Which option best describes the level of


customer engagement your online community
provides?
1. Simple branded community that is part of the organization's digital assets. Seen as
standalone and may or may not have dedicated management resources. Not overtly
promoted and may be part of the support hub.
2. Ad hoc engagement through public or non branded channels (social media like
Twitter, Linkedin, Facebook). Some engagement occurs in outside channels such as
competitor website or trade publications.
3. Deeply embedded community leveraging SSO (single sign-on) with the company's
credential management platform. Customers don’t require a secondary login, as the are
integrated into the support hub.
4. Community is well promoted with members rewarded with gamification to pull them
back into the community via full email marketing automation based on each members
specific behaviors and actions in the community.
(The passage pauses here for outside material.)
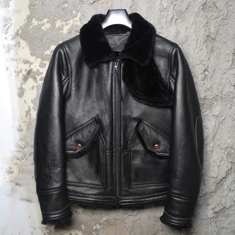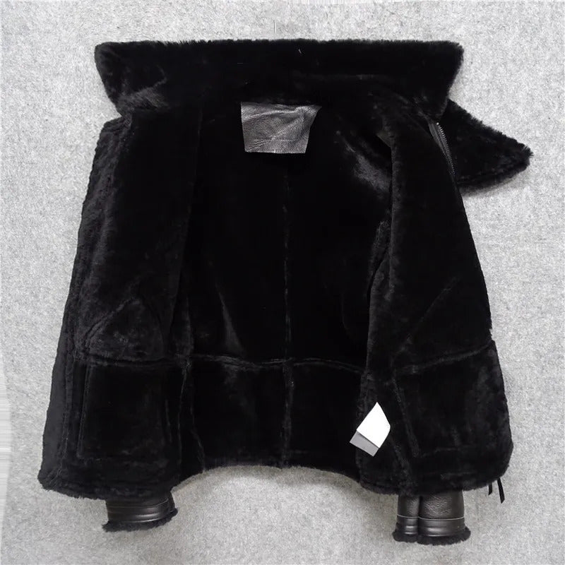 Men's Natural Sheepskin Shearling Leather Bomber Jacket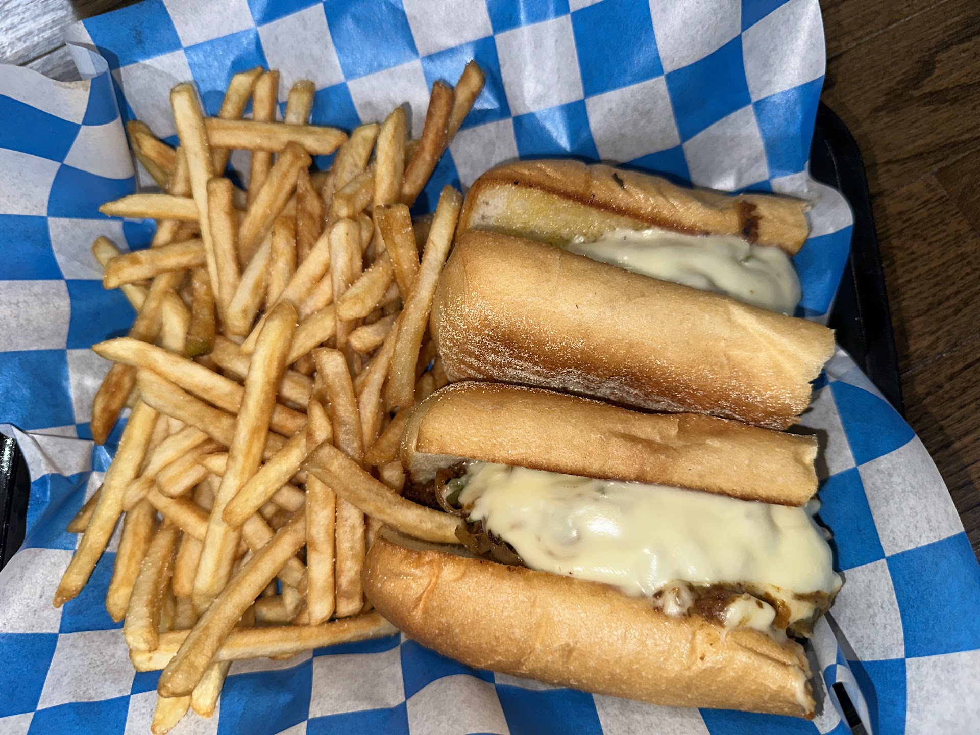 At 6:50pm, we ordered mozzarella sticks as an app. At 7:02pm, the waitress finally returned, which I felt was too long as we knew what we wanted shortly after placing the order for the appetizer. I got the bbq chicken Philly with fries. I also ordered a sweet tea. My date got the classic cheese burger with an extra patty. I received my sweet tea fairly quickly.

How effective is your online community at


supporting customers to a high degree of
satisfaction?
1. Support community which pushes to CRM and/or ticketing system, allows support
questions to be tracked and followed up on specific to each member for improved
satisfaction.
2. Support team is offering a basic community for a branded experience to answer
support questions. No CRM integration for follow-up or historical record of support.
3. There is no branded support community. However, the support team may seek out
support requests through public channels such as Twitter, Facebook, etc.
4. Beyond CRM integration, community has ticket deflection, members provide ideas
on products, and partners provide thought leadership. Engagement is high enough to
run member advocacy program.
From a technology perspective, which option
is most similar to your situation?

1. Use of public social channels is dominant. Support team does not have access to the
base member information, and may not be leveraging any other technology.
2. Use of a separate community platform is underway but this system doesn't have any
kind of synchronization between customer data and the community. Basic SSO (single-
sign-on) may be possible.
3. Community platform has fully implemented SSO (single sign-on) to allow seamless
integration for the customer without needing to sign into two separate websites, and also
synchronizes additional customer data.
4. Community systems are an integrated part of the support and engagement
engine, with complete synchronization with customer data and the community including
SSO data used for delivery of community content and tracking.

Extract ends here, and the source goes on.